The NLTV objective function of Eq. (2) is minimized by the steepest gradient descent method with an adaptive step size, which is expressed as follows:

$$P_{j}^{t + 1} = P_{j}^{t} - \lambda \frac{{\nabla R\left( {P_{j} } \right)}}{{\left| {\nabla R\left( P \right)} \right|}},$$
(4)
$$\lambda = \gamma \sqrt {\mathop \sum \limits_{j} P_{j}^{2} } ,$$
(5)

where λ is an adaptive parameter that controls the step size so that the smoothing degree is decreased according to an advancement in the iteration steps. By using the square root of all pixel elements updated in each steepest gradient descent step, this parameter is forced to progressively smaller values with an increase in the number of iterations. To avoid a local minimization due to an abrupt change, we use a scaling parameter \(\gamma\) and set it to an initial value of 1.0. If \(R\left( P \right)\) calculated at the current iteration step is larger than that at the previous one, this value is linearly decreased by multiplying a constant value (\(r_{red} = 0.8)\). \(\nabla {\text{R}}\left( {P_{j} } \right)\) is the gradient of the objective function \(R\left( P \right)\) at the j-th indexed pixel. The root-sum-square of the gradient calculated at all pixels, \(\left| {\nabla R\left( P \right)} \right|\), is required for the normalized gradient calculation. For clarity, we provide the following expression:

$$\nabla R\left( {P_{j} } \right) = \frac{\partial R\left( P \right)}{{\partial P_{j} }} = \frac{\partial R\left( P \right)}{{\partial P_{{\left( {u,v} \right)}} }} = \left( \begin{gathered} w_{{\left( {u,v} \right)}} \frac{{2P_{{\left( {u,v} \right)}} - P_{{\left( {u - 1,v} \right)}} - P_{{\left( {u,v - 1} \right)}} }}{{\sqrt {\left( {P_{{\left( {u,v} \right)}} - P_{{\left( {u - 1,v} \right)}} } \right)^{2} + \left( {P_{{\left( {u,v} \right)}} - P_{{\left( {u,v - 1} \right)}} } \right)^{2} } }} \hfill \\ + w_{{\left( {u + 1,v} \right)}} \frac{{P_{{\left( {u,v} \right)}} - P_{{\left( {u + 1,v} \right)}} }}{{\sqrt {\left( {P_{{\left( {u + 1,v} \right)}} - P_{{\left( {u,v} \right)}} } \right)^{2} + \left( {P_{{\left( {u + 1,v} \right)}} - P_{{\left( {u + 1,v - 1} \right)}} } \right)^{2} } }} \hfill \\ + w_{{\left( {u,v + 1} \right)}} \frac{{P_{{\left( {u,v} \right)}} - P_{{\left( {u,v + 1} \right)}} }}{{\sqrt {\left( {P_{{\left( {u,v + 1} \right)}} - P_{{\left( {u - 1,v + 1} \right)}} } \right)^{2} + \left( {P_{{\left( {u,v + 1} \right)}} - P_{{\left( {u,v} \right)}} } \right)^{2} } }} \hfill \\ \end{gathered} \right),$$
(6)
$$\left| {\nabla R\left( P \right)} \right| = \sqrt {\mathop \sum \limits_{j} \left( {\nabla R\left( {P_{j} } \right)} \right)^{2} } ,$$
(7)

The optimal number of iterations for the steepest gradient descent step was fine-tuned so that the noisy pixels were minimized while preserving the striking features. In this study, the number of iterations for the steepest gradient descent step was set to ten. In considering all the components mentioned above, we present the pseudo-code of NLTV-based filtration as in Algorithm 1.

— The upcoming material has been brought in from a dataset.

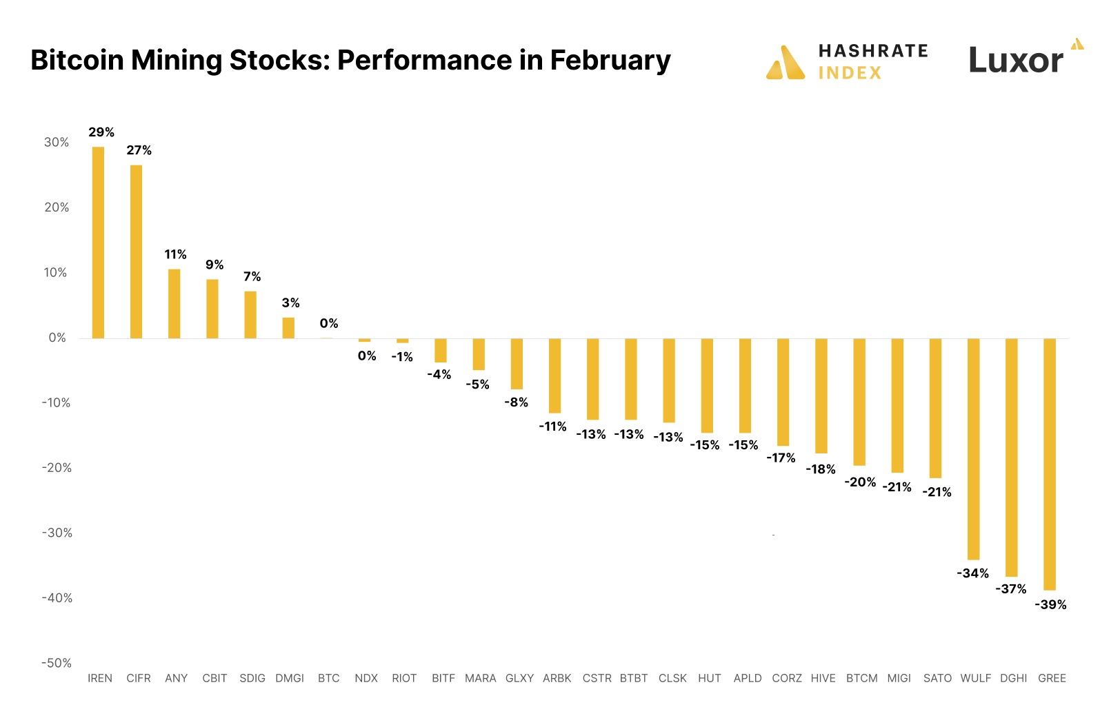 Of our 25 bitcoin mining stocks, only five beat bitcoin in February, most falling between 10% and 20%.

A circular pre-weighting factor was then applied on each NLTV denoised projection data to avoid the intensity drop due to the cone angle effect. A 1D ramp filter was then applied to suppress the highest spatial frequency. For the ramp filter, we used the product of the SL filter and raised the cosine window function in the frequency domain. Each line parallel to the u-direction of the preweighted projection data was converted into the frequency domain via 1D Fourier transformation. The Fourier transformed values were multiplied by the ramp filter. By applying an inverse Fourier transformation, we could obtain the filtered projection data with the reduced impulse noise. Figure 2 depicts the differences between filtered projections before and after applying the NLTV denoising algorithm.

Figure 2
figure 2

Comparison of filtered projection without (left) and with (right) the NLTV denoising algorithm.

figure a

Voxel-driven backprojector based on cubic B-spline interpolation

Figure 3 shows the geometric information of the projection data and notations for voxel-driven backprojection calculation using the filtered projection data.

Figure 3
figure 3

Geometry of the projection data and notations for the voxel-driven backprojection step.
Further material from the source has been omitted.